Le détecteur Everhart-Thornley est un détecteur d'électrons utilisé essentiellement dans les microscopes électroniques à balayage (MEB). Il a été développé dans les années 60 par Thomas Eugene Everhart et RFM Thornley à l'université de Cambridge.

Histoire

En 1960, deux étudiants de Charles Oatley, Thomas Everhart et RFM Thornley, ont eu l'idée, pour perfectionner le dispositif de collection utilisé à l'origine par Vladimir Zworykin et qui était constitué d'un écran phosphorescent/photomultiplicateur, d'ajouter un guide de lumière entre cet écran phosphorescent et ce photomultiplicateur. Ce guide permettait un couplage entre le scintillateur et le photomultiplicateur, ce qui perfectionnait largement les performances. Découvert il y a plus d'un demi-siècle, ce détecteur est actuellement celui généralement utilisé.

Principe

Détecteur Everhart-Thornley

Le détecteur Everhart-Thornley est un détecteur d'électrons secondaires. Il capte les électrons secondaires émis par l'échantillon dans un microscope électronique à balayage sous l'impact des électrons incidents et convertit chaque électron secondaire en plusieurs millions de charges électroniques disponibles en sortie du détecteur.

Un détecteur Everhart-Thornley se compose d'un espace d'accélération qui augmente l'énergie des ions, d'un scintillateur qui convertit les électrons en photons, d'un guide de lumière qui transporte les photons jusqu'à un photomultiplicateur qui convertit les photons en électrons et multiplie les électrons. La charge électrique présente en sortie est ensuite détectée par un amplificateur électronique.

Le scintillateur est porté à une tension de plusieurs kilovolts comparé à une sorte de cage de Faraday dont le potentiel est proche de celui de l'échantillon de manière à ce que les électrons incidents ne soient pas trop perturbés. Dans le fonctionnement normal, la cage de Faraday est polarisée à quelque +200 volts comparé à l'échantillon de manière à créer à la surface de l'échantillon un champ électrique suffisant pour drainer les électrons secondaires. Une grille permet aux électrons secondaires de pénétrer dans l'espace d'accélération qui augmente l'énergie des électrons d'un facteur 50. Ce mode de fonctionnement n'est pas envisageable dans un MEB à faible vide dans la mesure où le potentiel du scintillateur ioniserait l'atmosphère de la chambre d'observation.

A l'entrée du guide de lumière, le scintillateur, qui convertit les électrons en photons met en jeu la scintillation qui est un phénomène de fluorescence.
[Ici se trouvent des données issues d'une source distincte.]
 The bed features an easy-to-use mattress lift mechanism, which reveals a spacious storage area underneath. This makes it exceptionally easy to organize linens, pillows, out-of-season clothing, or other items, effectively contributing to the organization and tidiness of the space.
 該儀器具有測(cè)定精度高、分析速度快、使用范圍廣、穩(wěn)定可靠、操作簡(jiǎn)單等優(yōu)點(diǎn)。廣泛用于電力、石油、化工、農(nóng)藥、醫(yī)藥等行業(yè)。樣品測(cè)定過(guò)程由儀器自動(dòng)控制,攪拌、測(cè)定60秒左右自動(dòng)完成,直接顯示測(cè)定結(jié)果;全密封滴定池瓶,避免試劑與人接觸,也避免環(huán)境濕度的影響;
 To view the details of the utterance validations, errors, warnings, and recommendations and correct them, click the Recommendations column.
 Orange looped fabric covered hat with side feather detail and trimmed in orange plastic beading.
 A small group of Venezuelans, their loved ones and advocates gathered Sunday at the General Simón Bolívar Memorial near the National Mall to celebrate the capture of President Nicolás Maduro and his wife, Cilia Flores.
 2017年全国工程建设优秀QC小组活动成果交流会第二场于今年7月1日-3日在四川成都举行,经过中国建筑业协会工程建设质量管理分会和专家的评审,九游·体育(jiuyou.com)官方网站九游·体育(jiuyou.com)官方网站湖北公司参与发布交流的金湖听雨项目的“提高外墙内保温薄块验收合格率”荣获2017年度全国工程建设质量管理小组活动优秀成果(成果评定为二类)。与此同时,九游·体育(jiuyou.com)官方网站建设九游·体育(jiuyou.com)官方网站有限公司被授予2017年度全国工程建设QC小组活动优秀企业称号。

A la sortie du guide de lumière, la conversion des photons en électrons est assurée par une photocathode mettant en jeu l'effet photoélectrique.

Fonctionnement en tension positive

Détecteur Everhart-Thornley avec une tension positive

Sous une tension positive pouvant atteindre 250 volts (voir schéma à gauche), la cage de Faraday attire avec énormément d'efficacité les électrons secondaires provenant de l'échantillon. Ce n'est pas uniquement vrai pour les électrons provenant de l'échantillon mais également pour les électrons provenant de la chambre elle-même. C'est parce que le champ électrique généré par la cage de Faraday est fortement dissymétrique qu'on peut obtenir un effet de relief.

Fonctionnement en tension négative

Détecteur Everhart-Thornley avec une tension négative

Quand le détecteur est utilisé avec une tension négative pouvant aller jusqu'à - 50 volts (voir schéma à droite), le détecteur est capable de rejeter jusqu'à 90 % des électrons secondaires car leur énergie est fréquemment inférieure à 10 eV. Le détecteur Everhart-Thornley devient par conséquent dans ce cas-là un détecteur d'électrons rétrodiffusés.

La plupart des détecteurs détectent des électrons avec une énergie de 10 à 15 keV. C'est dans cet ordre de grandeur d'énergies qu'on retrouve les électrons rétrodiffusés mais pas les électrons secondaires.